Denis Kramar

Personal information
- Full name: Denis Kramar
- Date of birth: 7 November 1991 (age 34)
- Place of birth: Murska Sobota, Slovenia
- Height: 1.85 m (6 ft 1 in)
- Position: Centre back

Team information
- Current team: SV Heiligenkreuz
- Number: 4

Youth career
- 0000–2009: Celje
- 2009–2010: Rudar Velenje

Senior career*
- Years: Team / Apps / (Gls)
- 2009–2011: Rudar Velenje / 2 / (0)
- 2010–2011: → Šmartno 1928 (loan) / 20 / (3)
- 2011–2013: Mura 05 / 27 / (1)
- 2012: → Ljutomer (loan) / 1 / (0)
- 2013: Widzew Łódź / 3 / (0)
- 2013–2014: EN Paralimni / 0 / (0)
- 2014–2015: Getafe B / 13 / (0)
- 2015: → Perth Glory (loan) / 6 / (1)
- 2016: Sarajevo / 5 / (0)
- 2016–2017: Víkingur Ólafsvík / 8 / (0)
- 2017–2018: FC Bad Radkersburg / 26 / (3)
- 2018–2019: SC Weiz / 26 / (3)
- 2019: Lafnitz Ama / 7 / (0)
- 2020: Beltinci / 0 / (0)
- 2020–2022: SC Weiz / 38 / (2)
- 2023–2024: SV Feldbach 1919 / 5 / (2)
- 2024: Drava Ptuj
- 2024–: SV Heiligenkreuz / 11 / (0)

International career
- 2007: Slovenia U16 / 4 / (0)

= Denis Kramar =

Slovenian footballer (born 1991)

Denis Kramar (born 7 November 1991) is a Slovenian footballer who plays for Austrian club SV Heiligenkreuz as a defender.

==Club career==
Born in Murska Sobota, Kramar graduated from NK Rudar Velenje's youth setup, and made his professional debut on 7 November 2009, coming on as a second-half substitute in a 3–1 away loss against NK Interblock in the Slovenian PrvaLiga.

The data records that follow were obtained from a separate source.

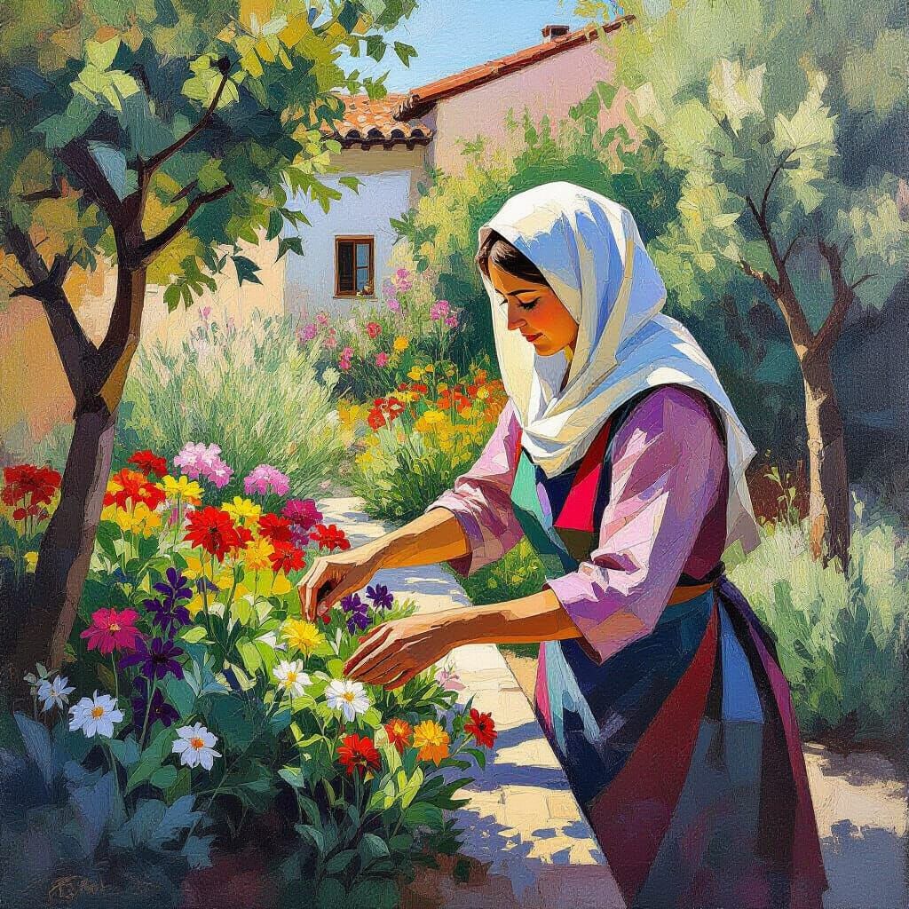 This image shows Strega Maria Angelina tending her vibrant herb garden. Rendered in an abstract cubism style with bold geometric forms and visible brushstrokes, evoking a sense of depth and texture.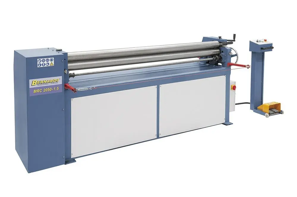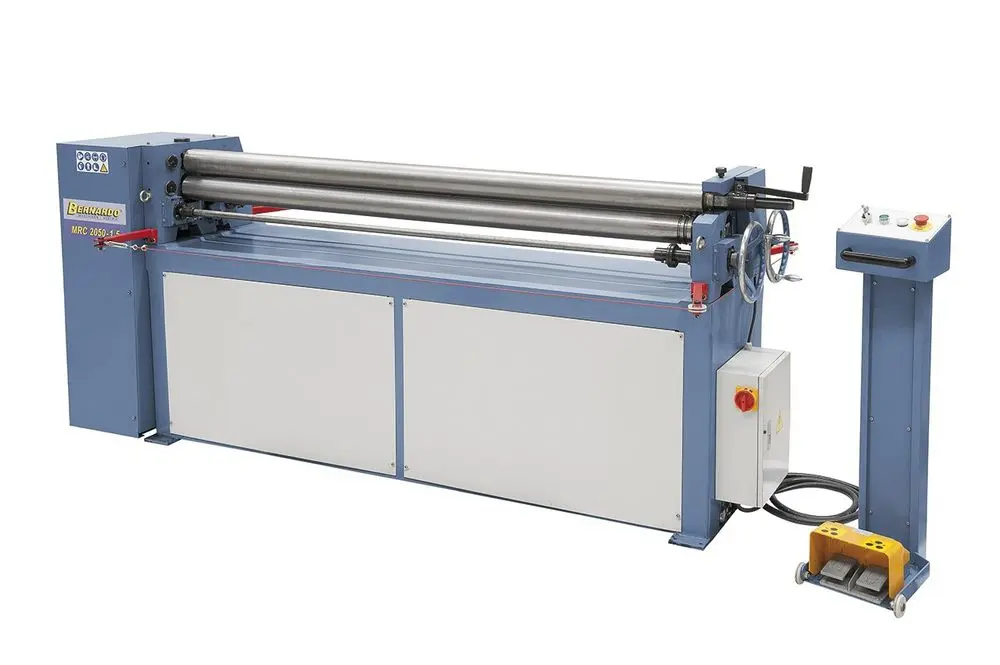 motor 1,1 kW, napětí 400 V, pr. válce 90 mm, šířka plechu 1050 mm, tl. plechu 3,0 mm, min. pr. zakroužení 135 mm, otáčky válců 12 U.min-1, rozměry 1610 × 1030 × 1150 mm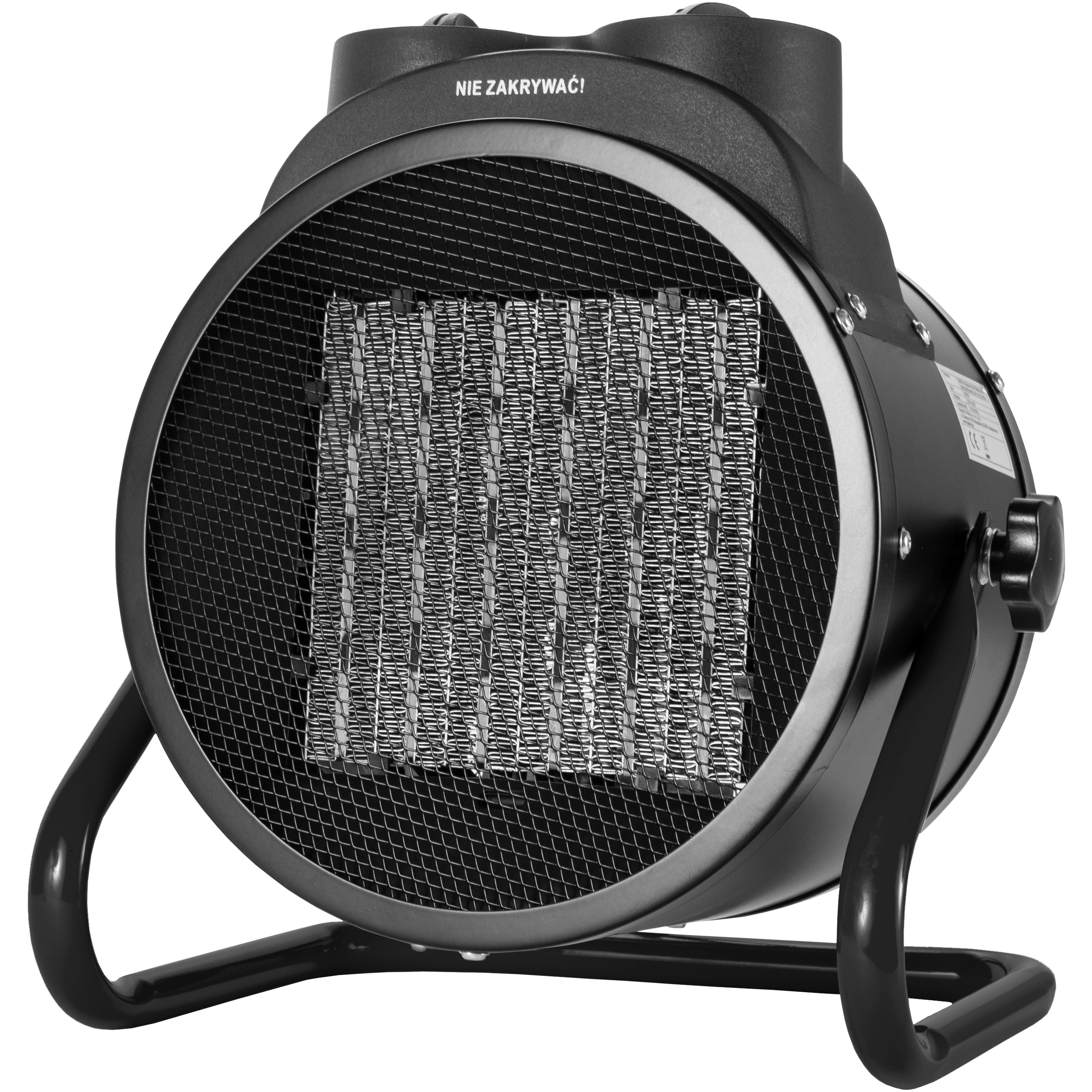 K dispozici jsou tři režimy: samotný ventilátor pro cirkulaci vzduchu, lehký ohřev pro mírné přitopení a silný ohřev pro rychlé dosažení požadované teploty. Nastavitelný úhel náklonu nasměruje proud teplého vzduchu přesně tam, kde je potřeba – ideální do dílny, garáže či na stavbu.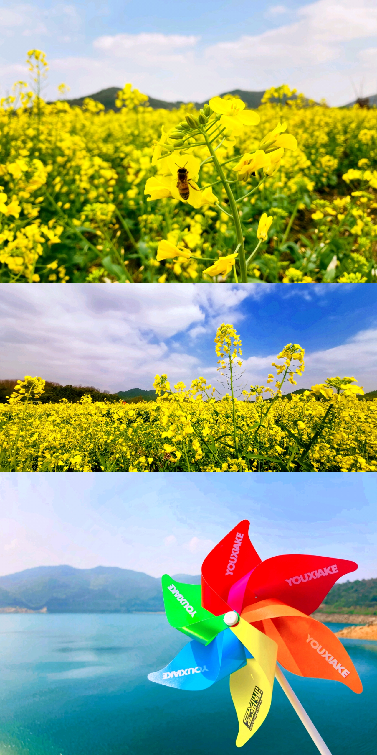下山贴近油菜花田,可以近距离的打卡,没有围栏,大片大片的油菜花田可以满足拍摄需求,尤其是阿姨美女们~不过还是建议穿白色裙子会更配…毕竟明黄的油菜花搭配不好就很土…

In the summer of 2010 he was loaned to NK Šmartno 1928, appearing regularly with the side and also scoring three goals.

In August 2012 Kramar signed for ND Mura 05, also in the top division. He played in all eight games in the UEFA Europa League, including both ties against the Serie A side Lazio in the play-offs. On 12 March 2013, with the club in severe financial trouble and facing bankruptcy, he moved abroad for the first time in his career, joining Polish Ekstraklasa side Widzew Łódź.

On 24 July, after appearing in only three matches for Widzew, Kramar moved teams and countries again, signing with Enosis Neon Paralimni FC. However, on 7 January 2014 he joined Getafe CF, initially assigned to the reserves in Segunda División B.

On 3 February 2015 Kramar joined Australian A-League club Perth Glory FC on a short term injury replacement loan. He made his debut for the club four days later, playing the entire second half and scoring his side's only in a 3–1 home loss against Sydney FC.

On 23 January 2016 Kramar signed for Bosnian side FK Sarajevo.